Thursday, April 20, 2006

Don't know when I'll be back again...

I have had this nagging feeling that I needed to go visit all my friends in Salt Lake. I really miss them and thought a vacation sounded amazing.

Since about the age of 12, I have been trying to figure out where I need to move to. I know that I want to live as many places as possible and for right now, Washington is not where my heart is. I've been to Idaho and Florida. I have even lived in Hawaii and California for summers. Now that I have been back in Seattle for over a year I feel like I need to get away more than ever.

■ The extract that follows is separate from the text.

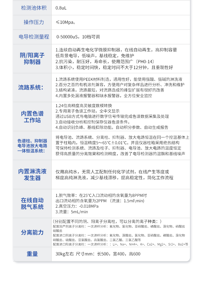 微處理器控制的雙柱塞往復(fù)泵,采用**的智能控制算法,能使泵的流量脈動降至**水平。 1.1,材質(zhì):鑲嵌式PEEK材料無阻尼泵頭,PEEK管路,適合于pH為0~14的淋洗液及反相有機溶劑。 1.2,流量范圍:0.001~9.999ml/min,增量0.001ml/min。 1.3,流量設(shè)定值誤差:≤0.1% 1.4,流量穩(wěn)定性:≤0.1% 1.5,工作壓力:35MPa 1.6,過壓保護(hù):工作壓力超過或低于設(shè)定的上限或下限時,泵將自行關(guān)閉且報警。 | 2 電導(dǎo)檢測器: 2.1,原理:五極電導(dǎo)檢測器 2.2,電極材料:鈍化316L不銹鋼 2.3,基線噪音:≤0.002μS/cm 2.4,基線漂移:≤0.008μS/cm·30min 2.5,zui小檢出濃度:≤0.0005ug/mL(以Cl-計) 2.6,儀器線性:≥0.9995 2.7,定量重復(fù)性:≤0.1%(以Cl-計) 2.8,定性重復(fù)性:≤0.1%(以Cl-計) 2.9,測量范圍:0~50000us/cm 2.10,分辨率:≤0.0020ns/cm 2.11,檢測池體積:0.8uL 2.12,操作壓力:≤10Mpa。 2.13,電導(dǎo)檢測量程: 0-50000uS,10檔可調(diào)。 | 3、 陰、陽離子抑制器: 3.1連續(xù)自動再生電化學(xué)微膜抑制器,在線自動再生,高抑制容量,低背景電導(dǎo),低噪聲,基線穩(wěn)定,免維護(hù)。 3.2抗污染,耐壓好,壽命長,使用范圍廣(PH0-14)。 3.3體積小,穩(wěn)定時間快,穩(wěn)定時間不大于12分鐘,且重現(xiàn)性好。 | 4 流路系統(tǒng): 4.1流路系統(tǒng)使用PEEK材料制造,通用性好,能使用強酸、強堿的淋洗液。 4.2百分之百的有機溶劑兼容,方便用戶對復(fù)雜樣品進(jìn)行分析、沖洗和維護(hù)。 4.3 結(jié)構(gòu)緊湊,流路*短,對流路造成的峰型擴(kuò)展有很好的改善。 4.4 內(nèi)置多處漏液報警器和缺水報警器,全方位安全監(jiān)控。 | 5 內(nèi)置色譜工作站: 5.1 24位高精度高靈敏度數(shù)模轉(zhuǎn)換。 5.2專用離子色譜工作站,全中文顯示,通過USB方式與電腦進(jìn)行數(shù)字信號傳輸,完成色譜數(shù)據(jù)采集及處理。 5.3自動接收分析和控制保存儀器色譜條件。 5.4自動識別負(fù)峰、基線扣除功能。自動積分參數(shù)、自動生成報告。 | 6 色譜柱、抑制器、電導(dǎo)池、放大電路一體恒溫系統(tǒng): 將電導(dǎo)池、流路系統(tǒng)、分離柱、抑制器、放大電路恒溫在同一個控溫基體上置于柱箱內(nèi),恒溫精度5~65℃±0.01℃。并且儀器柱箱采用絕熱結(jié)構(gòu),可保持檢測系統(tǒng)、流路及柱子、抑制器、電導(dǎo)池、放大電路的溫度恒定,獲得高質(zhì)量的分離效果和檢測精度,改善了電導(dǎo)檢測器的溫飄和基線噪聲。 | 7內(nèi)置淋洗液發(fā)生器,僅用高純水,無需人工配制任何化學(xué)試劑,在線產(chǎn)生等度或梯度高純淋洗液,減少基線漂移,提高穩(wěn)定性,簡化工作流程。 | 8 在線自動脫氣系統(tǒng): 1,脫氣效率:在25℃入口流動相的含氧量為8PPM時,出口流動相的含氧量為2PPM (流速:1.5ml\min) 2,真空壓力:-0.018MPa 3,流量:5mL/min | 9 分離能力:(分別配置不同的陰、陽離子分離柱,可以分離的離子種類:) 配置國產(chǎn)陰離子分離柱:一次進(jìn)樣分析:氟化物、氯化物、亞硝酸鹽、磷酸鹽、溴化物、硝酸鹽、硫酸鹽 配置進(jìn)口陰離子分離柱:一次進(jìn)樣分析:氟化物、溴酸鹽、氯化物、亞硝酸鹽、磷酸鹽、溴化物、硝酸鹽、硫酸鹽、亞氯酸鹽、高氯酸鹽、二氯乙酸、三氯乙酸等 配置進(jìn)口陽離子分離柱:一次進(jìn)樣分析::Li+、Na+、NH4+、K+、Ca2+、Mg2+、Sr2+、Ba2+等 | 10 重量:30kg左右 尺寸mm:長500,寬400,高600 |

To be completely honest, I haven’t ever really had the most faith in prayer. There has never been a huge, life changing circumstance that was resolved by a prayer. Nor, have I ever had anything I prayed to go well ever turn out that exceptional. Nonetheless, I am not in complete disbelief. I have been praying for over a year where my next adventure should take me. Whenever I am beginning to take a path, temptation sets in and I get too busy partying to realize that there are better things out there. I get so easily distracted by money and booze when all I really want to do is gallivant. Through my last thoughtful deliberation process, I narrowed to three places; New York, Orlando and SanDiego. So, I decided to pray about those three. New York seems so lively and fast paced, but I don’t know if I could be that hard. I have lived in Orlando, so I know all that it has to offer, and love it. But, I have always wanted to move to So Cal…

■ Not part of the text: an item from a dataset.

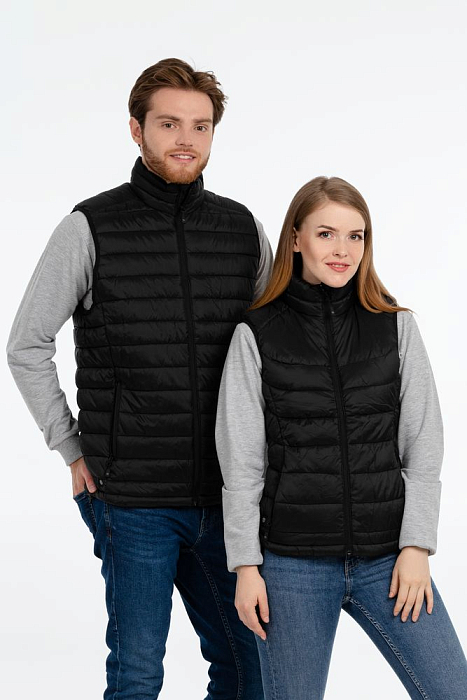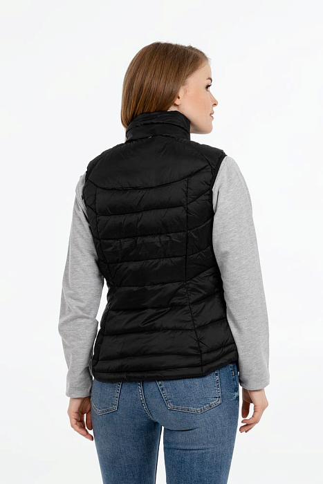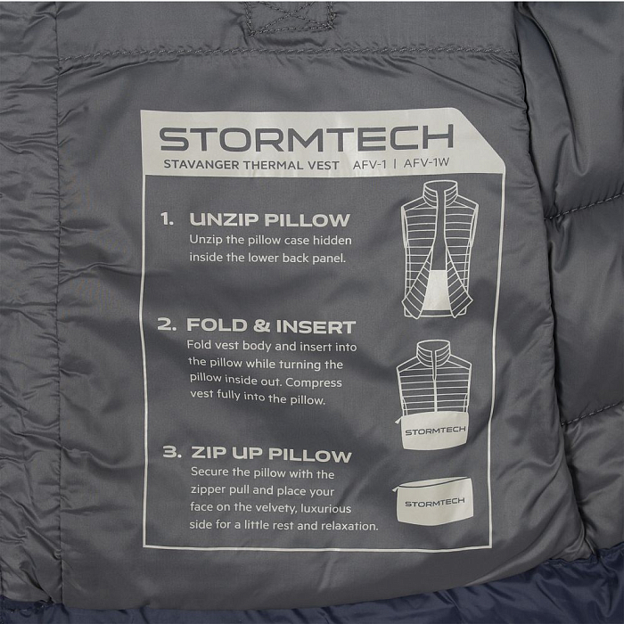 Эргономичный и ультралегкий жилет приталенного силуэта складывается в карман, расположенный внутри на спинке, и превращается в дорожную подушку.

On the rare occasion that I do get what I consider an “answer” to a prayer, it is usually in a dream like state. I tend to only remember dreams that are foreseeing something. Just about a week ago, I spent a long time thinking about moving and where to go before I went to bed. I was beginning to lean towards Orlando, just because I knew I could do it with little discomfort. But, I’ve been there, done that.

ZZZ...

What a great night of sleep I had! But when I woke up, I shouted “Salt Lake!” With a gasp, I quickly covered my mouth.

No Way! I hated Utah. So, I’ve only been there once. I still knew that I could not live there. Like a slap in the face, I realized it was right. But I wasn’t ready to accept it.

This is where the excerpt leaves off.